On an ultimate eschatological, soteriological level, God does not forgive everyone. Though this mercy is accessible to all and God wishes it for all (2 Peter 3:8-9, 1 Timothy 2:3-6), preferring the repentance of the wicked to their demise (Ezekiel 18:23, 33:11), it is not only not the case that everyone necessarily turns to God, as universalist salvation would entail, but it is also the case that the Bible says most people will not (Matthew 7:13-14). They will perish by being killed in hell (2 Peter 2:6, Matthew 10:28) because of their own unwillingness to choose truth. Divine forgiveness is not forced upon people or withheld for only the "elect," contrary to what Calvinism entails. It is whoever wishes to repent who obtains salvation (Revelation 22:17).
Many seem to forget or selectively ignore this when they demand or strongly push other people to forgive. As a mercy, forgiveness is supererogatory left to itself, as since mercy can never be deserved (it is not treating sinners as they punitively deserve), it cannot be owed to anyone. There are still multiple calls to forgive throughout the Bible, with a very crucial condition. For instance, see Ephesians 4:32, where Paul says to forgive people as in Christ God forgave us. The kind of forgiveness Paul is encouraging is not universal, the default, or immediate. He says to forgive each other as God forgives us--and God does not forgive preemptively or do this to everyone because of obstacles on their own end.

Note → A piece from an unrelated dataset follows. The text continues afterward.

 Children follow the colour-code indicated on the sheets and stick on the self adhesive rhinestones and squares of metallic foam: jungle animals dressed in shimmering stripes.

Someone who has erred must repent and wish to be restored to him to receive that soteriological restoration. They will die in hell without this and never be resurrected again to have the opportunity to seek repentance. As already addressed, forgiveness is not extended from God to human individuals apart from willingness, or else everyone would be saved because it is God's hope that this would come about for every person. God's nature is what grounds the existence of morality, so if this is how God forgives, then it is the forgiveness that we would be to imitate. This is also emphasized in Colossians 3:13 and in passages like the parable of the unmerciful servant (Matthew 18:21-35), where the king does not release someone from debt owed to him except when asked.

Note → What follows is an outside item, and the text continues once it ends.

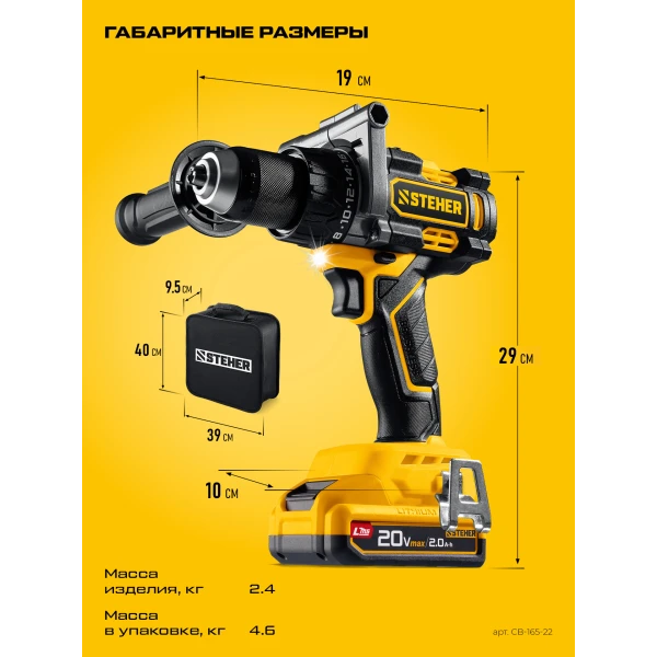 STEHER 20 В, 165 Н·м, 2 АКБ LMS (2 А·ч), бесщеточная дрель-шуруповерт, сумка (CB-165-22)
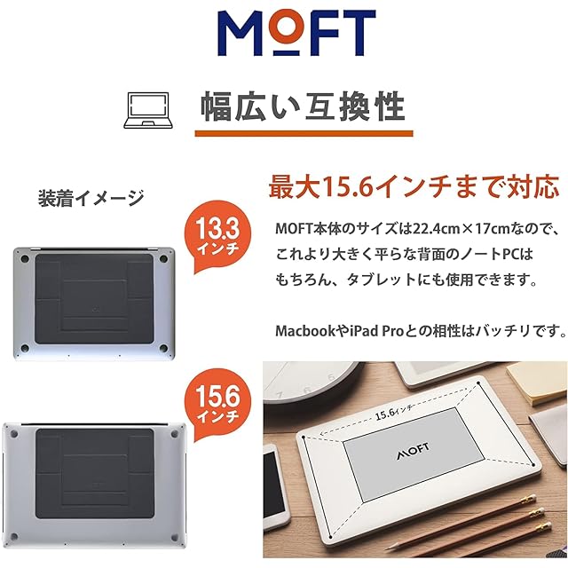 【驚きの薄さ、忘れる存在】 重さ僅か89g、厚さも3mmとなっています。マグネット内蔵設計で、スタンドを収納する時はパソコンの下に隠れることができ、存在感が極めて薄くなります。一方で、立てるときは速くてスマートになり、一度使うと忘れ難いパソコンスタンドです。最大15.6インチまでに対応、底穴付きの放熱対策も採用しています。Macbook Pro/Air/タブレットはもちろん、他の平底ノートPCにも対応するので、MOFTスタンドを是非一度試してください!

There is no such thing as a Biblical obligation to forgive people one or all unless they request it. Otherwise, they are not repentant, and mercy is undeserved anyway, or else justice could not be righteous and mandatory, for mercy is suspending justice in a situation on the level of permitting someone to forgo merited punishment. Justice is by nature how someone deserves to be treated, so there is no such thing as forgiveness or any other sort of mercy being the real obligation over this. The latter is not required by God and yet he opts to forgive the repentant anyway. With broader mercy as well as forgiveness in particular, we are to express it in the way that God does (Luke 6:36). This necessitates that repentance precede showing forgiveness to others unless one wants to gratuitously go further than this.